Luo Yuzhou, Yang Xiusheng
Department of Natural Resources Management and Engineering, University of Connecticut, Storrs, CT 06269, USA.
Chemosphere. 2007 Jan;66(8):1396-407. doi: 10.1016/j.chemosphere.2006.09.026. Epub 2006 Nov 13.
This paper presented a framework for analysis of chemical concentration in the environment and evaluation of variance propagation within the model. This framework was illustrated through a case study of selected organic compounds of benzo[alpha]pyrene (BAP) and hexachlorobenzene (HCB) in the Great Lakes region. A multimedia environmental fate model was applied to perform stochastic simulations of chemical concentrations in various media. Both uncertainty in chemical properties and variability in hydrometeorological parameters were included in the Monte Carlo simulation, resulting in a distribution of concentrations in each medium. Parameters of compartmental dimensions, densities, emissions, and background concentrations were assumed to be constant in this study. The predicted concentrations in air, surface water and sediment were compared to reported data for validation purpose. Based on rank correlations, a sensitivity analysis was conducted to determine the influence of individual input parameters on the output variance for concentration in each environmental medium and for the basin-wide total mass inventory. Results of model validation indicated that the model predictions were in reasonable agreement with spatial distribution patterns, among the five lake basins, of reported data in the literature. For the chemical and environmental parameters given in this study, parameters associated to air-ground partitioning (such as moisture in surface soil, vapor pressure, and deposition velocity) and chemical distribution in soil solid (such as organic carbon partition coefficient and organic carbon content in root-zone soil) were targeted to reduce the uncertainty in basin-wide mass inventory. This results of sensitivity analysis in this study also indicated that the model sensitivity to an input parameter might be affected by the magnitudes of input parameters defined by the parameter settings in the simulation scenario. Therefore, uncertainty and sensitivity analyses for environmental fate models was suggested to be conducted after the model output was validated based on an appropriate input parameter settings.

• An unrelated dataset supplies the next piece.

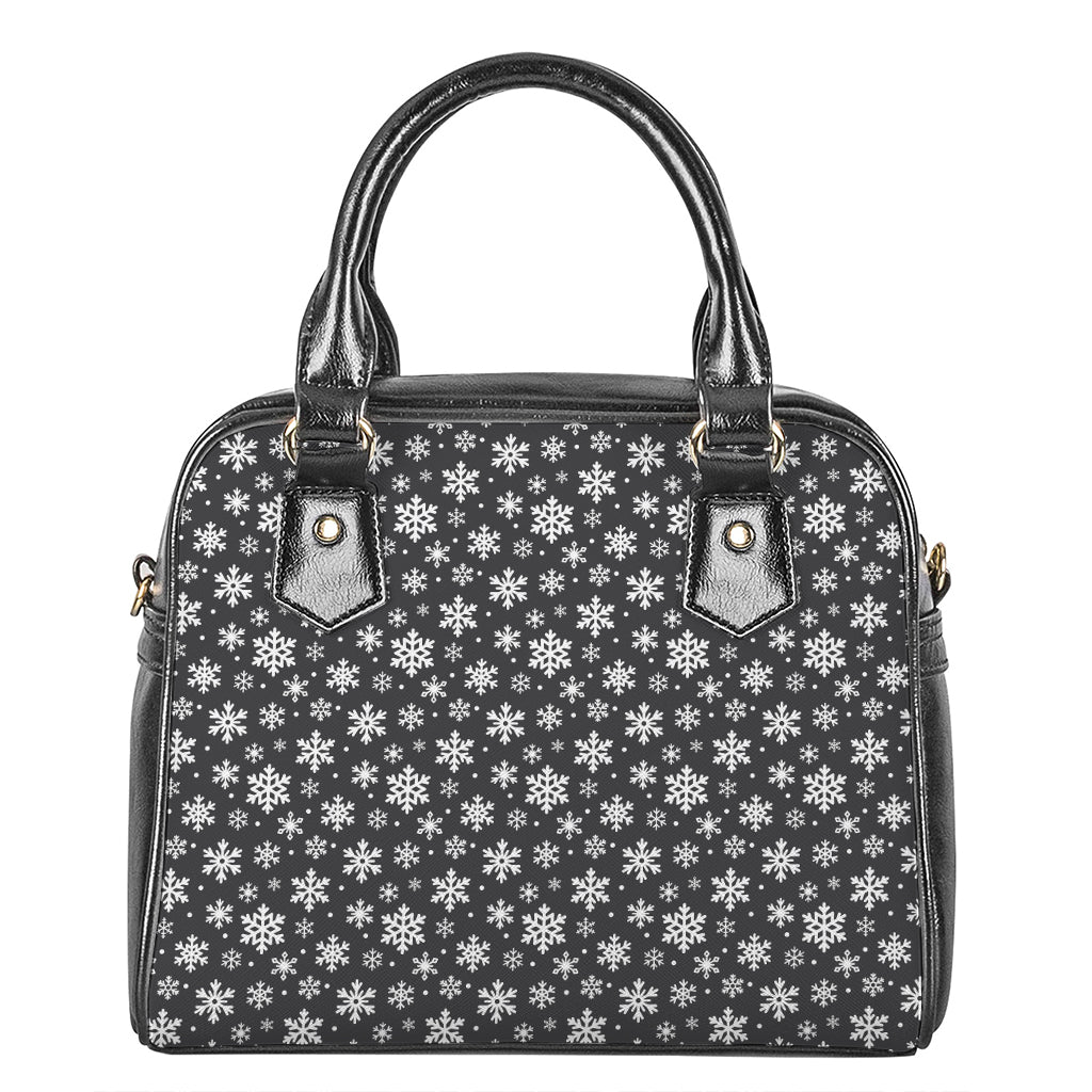 White And Grey Snowflake Pattern Print Shoulder Handbag

本文提出了一个用于分析环境中化学物质浓度以及评估模型内方差传播的框架。通过对大湖地区选定的有机化合物苯并[a]芘(BAP)和六氯苯(HCB)的案例研究对该框架进行了说明。应用了一个多介质环境归趋模型来对各种介质中的化学物质浓度进行随机模拟。蒙特卡罗模拟中既包括了化学性质的不确定性,也包括了水文气象参数的变异性,从而得出了每种介质中浓度的分布。在本研究中,假设隔室尺寸、密度、排放和背景浓度等参数是恒定的。将空气、地表水和沉积物中的预测浓度与报告数据进行比较以进行验证。基于秩相关性,进行了敏感性分析,以确定各个输入参数对每种环境介质中浓度以及全流域总质量存量的输出方差的影响。模型验证结果表明,模型预测与文献中报告数据在五个湖盆中的空间分布模式具有合理的一致性。对于本研究中给出的化学和环境参数,针对与气-地分配相关的参数(如表层土壤湿度、蒸气压和沉积速度)以及土壤固体中的化学分布(如有机碳分配系数和根区土壤中的有机碳含量),以降低全流域质量存量的不确定性。本研究的敏感性分析结果还表明,模型对输入参数的敏感性可能会受到模拟场景中参数设置所定义的输入参数大小的影响。因此,建议在基于适当的输入参数设置对模型输出进行验证之后,再对环境归趋模型进行不确定性和敏感性分析。